24 Jul 2016 | Jun Liu, Amir Shahroudy, Dong Xu, and Gang Wang
This paper proposes a spatio-temporal long short-term memory (ST-LSTM) network for 3D human action recognition. The method extends traditional LSTM-based learning to both temporal and spatial domains to analyze hidden sources of action-related information. Inspired by the structure of the human skeleton, a tree-structured traversal method is introduced to better model spatial dependencies. To handle noise and occlusion in 3D skeleton data, a new gating mechanism, called the "trust gate," is added to the LSTM to assess the reliability of input data at each spatio-temporal step. This allows the network to adjust its effect on updating long-term context information stored in the memory cell. The proposed method achieves state-of-the-art performance on four benchmark datasets for 3D human action analysis.
The ST-LSTM model simultaneously models spatial dependencies between joints and temporal dependencies among frames. Each joint receives contextual information from neighboring joints and previous frames. A tree-based traversal method is used to explore the kinematic relationships between joints for better spatial dependency modeling.
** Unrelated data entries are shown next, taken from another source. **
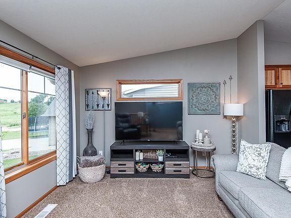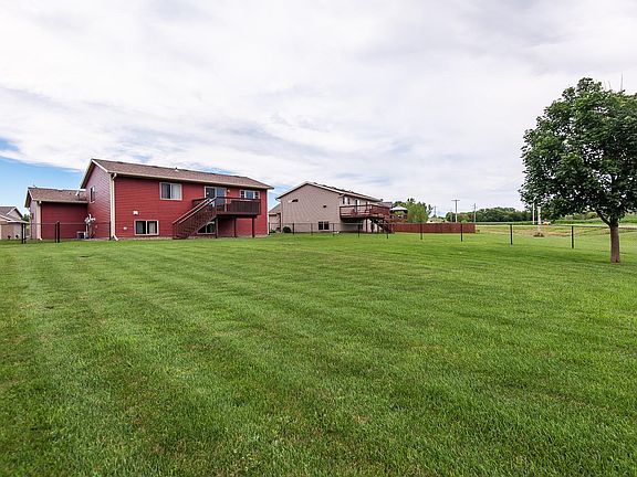 This modern 4-bedroom, 2-bath home located near the golf course in Zumbrota has just what you've been looking for. Open and bright living room with a nice large window and a transom, lovely kitchen with cherry cabinets, large center island, eat-in area to the deck, and a vaulted ceiling, Master bedroom with a walk-through to the main floor bathroom, two nice walk-in closets, main floor bathroom offers a skylight, nice bedroom with a walk in closet, finished lower level features a large family room area, two additional bedrooms, bathroom with plenty of space, and large storage room. Outside you'll enjoy your evenings on your freshly stained deck. Nice landscaping, fenced yard and amazing views.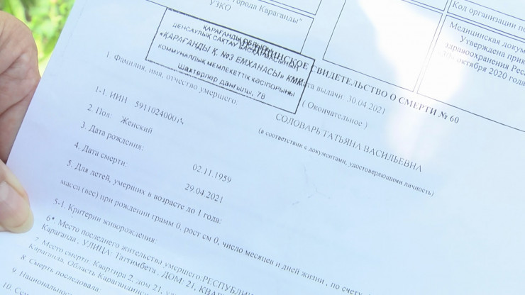 Свидетельство о смерти по ошибке выписали врачи Татьяне Соловарь вместо ее матери в Караганде. Теперь женщина значится мертвой в электронных базах всех государственных структур. Медики не могут исправить ошибку. Подробнее - в материале корреспондента Tengrinews.kz.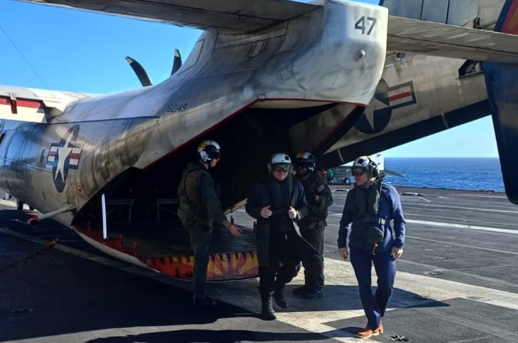 Un avión de guerra con bandera norteamericana transportó al Presidente desde Aeroparque hacia el buque nuclear USS Nimitz. Es parte de la flota que realiza ejercicios navales en el sur del país, autorizada por el Gobierno.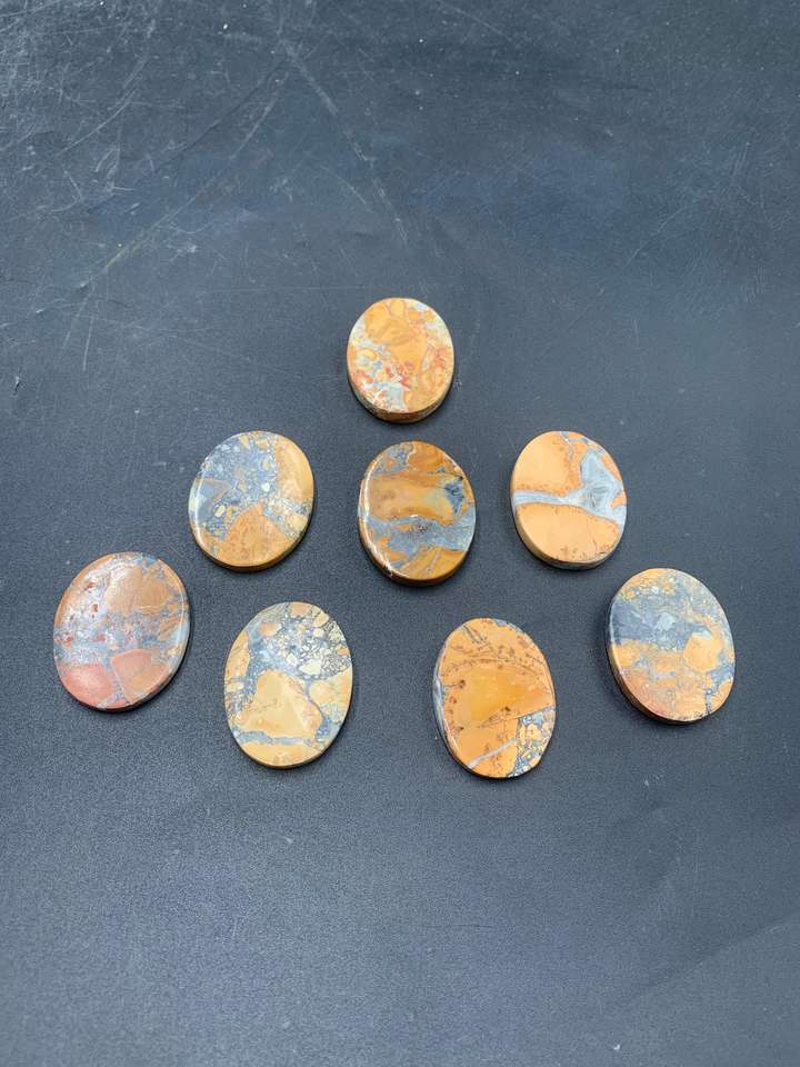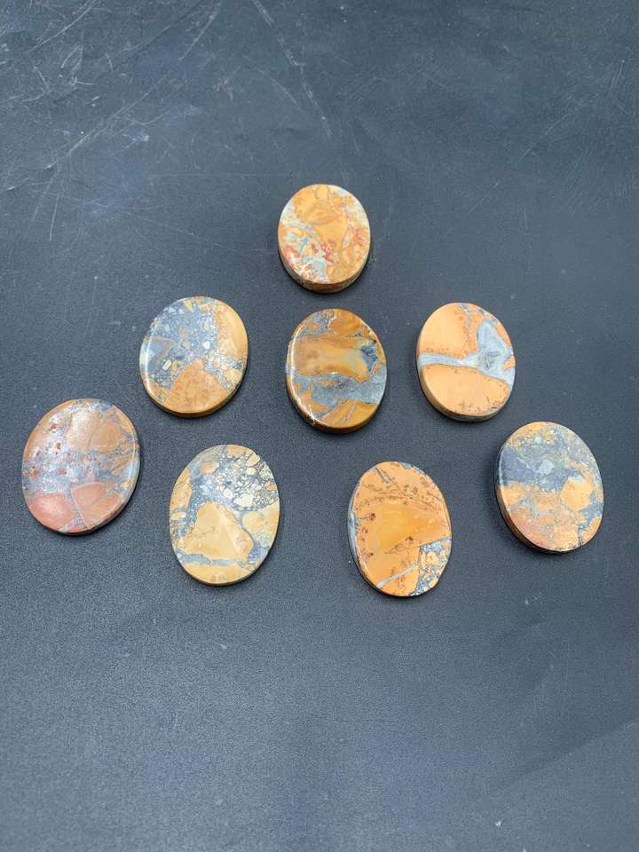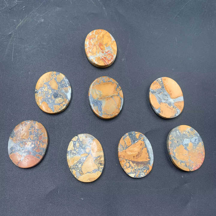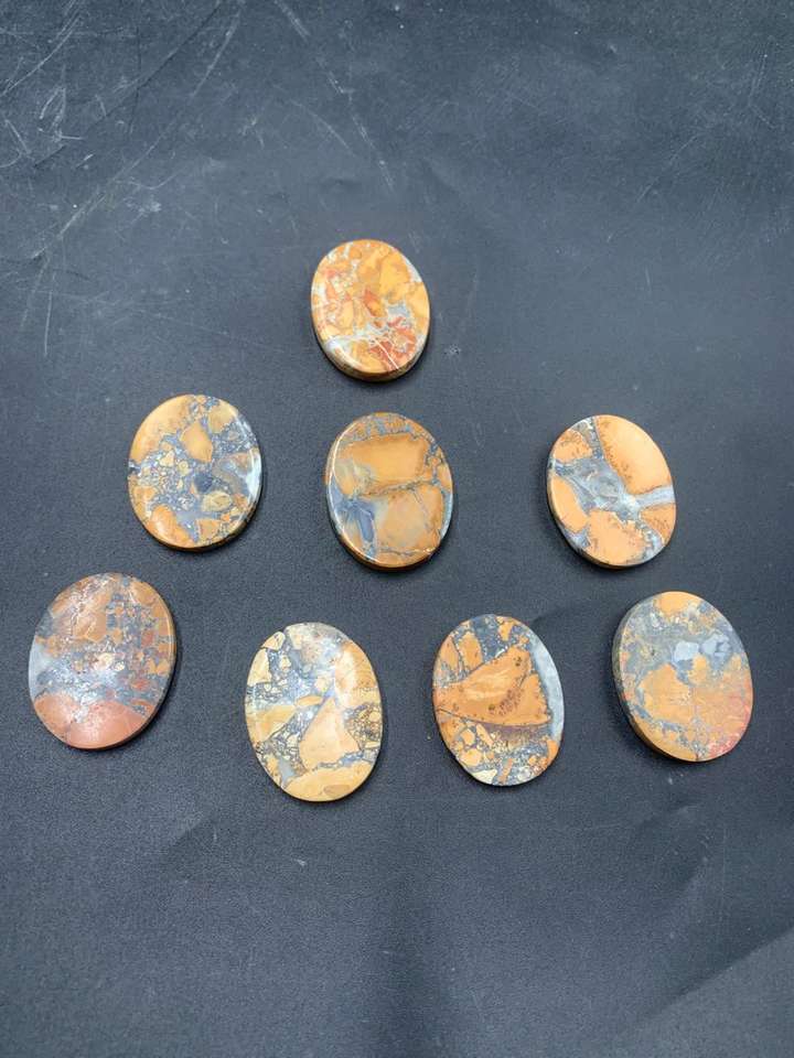 หินแจสเปอร์มาลิกาโนธรรมชาติทรงแบนขัดเงา สำหรับบำบัดรักษา พร้อมลวดลายสีดำและสีขาว ขนาด 35 x 45 x 7 มม.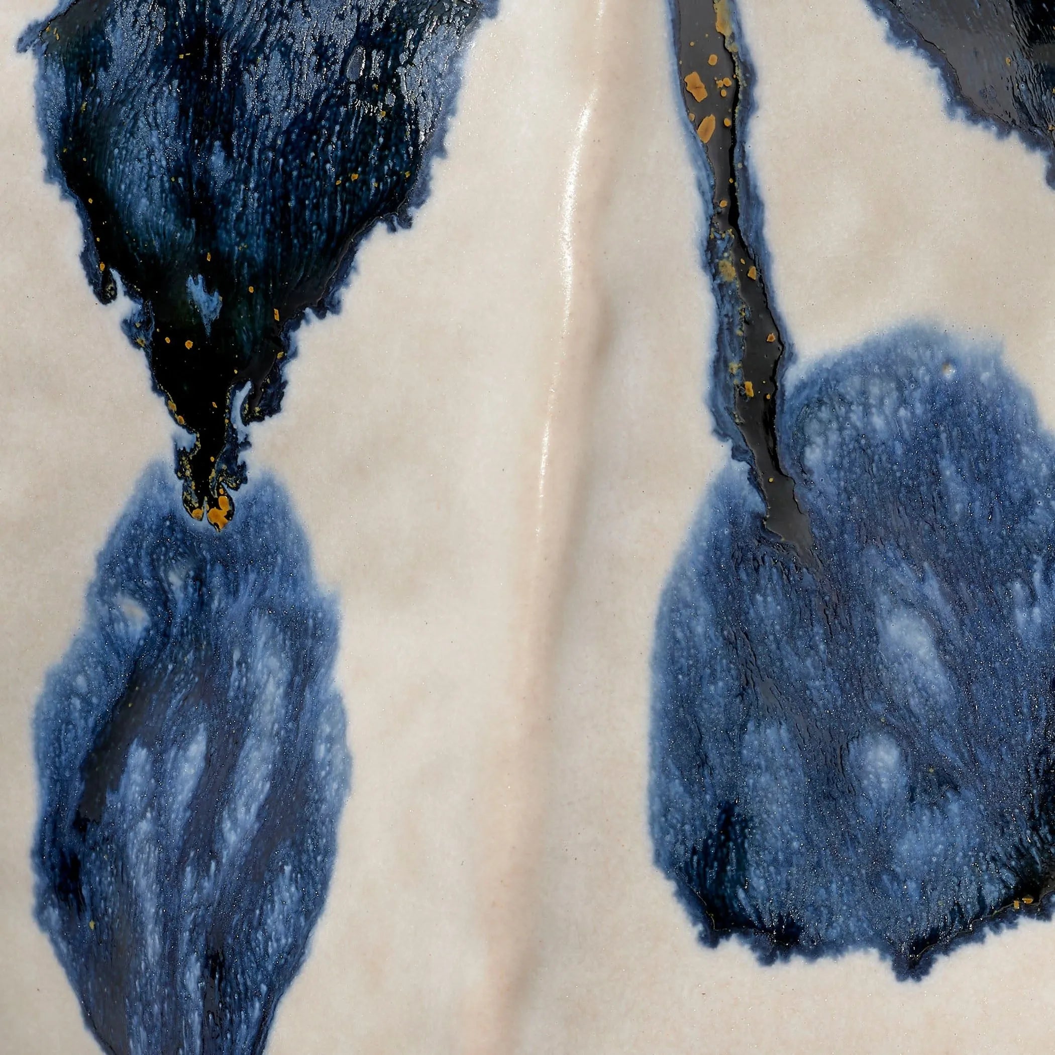Artfully handcrafted from fine ceramic, these bright and cheerful vessels showcase bold splashes of blue reactive glaze. To enhance their organic shapes, the ruffled openings are rimmed in the same hue. The glazing technique reacts uniquely on each piece, ensuring that no two are completely identical.

The trust gate mechanism helps the network to ignore unreliable input data, improving robustness to noise and occlusion. The model is evaluated on four datasets: NTU RGB+D, SBU Interaction, UT-Kinect, and Berkeley MHAD. The results show that the proposed method outperforms existing methods in terms of accuracy and robustness. The method is also effective in handling noisy input data, as demonstrated by experiments on the MSR Action3D dataset. The proposed approach is general and can be applied to other applications dealing with unreliable input data. The results validate the effectiveness of the proposed contributions and demonstrate the superiority of the method over existing state-of-the-art approaches.This paper proposes a spatio-temporal long short-term memory (ST-LSTM) network for 3D human action recognition. The method extends traditional LSTM-based learning to both temporal and spatial domains to analyze hidden sources of action-related information. Inspired by the structure of the human skeleton, a tree-structured traversal method is introduced to better model spatial dependencies. To handle noise and occlusion in 3D skeleton data, a new gating mechanism, called the "trust gate," is added to the LSTM to assess the reliability of input data at each spatio-temporal step. This allows the network to adjust its effect on updating long-term context information stored in the memory cell. The proposed method achieves state-of-the-art performance on four benchmark datasets for 3D human action analysis.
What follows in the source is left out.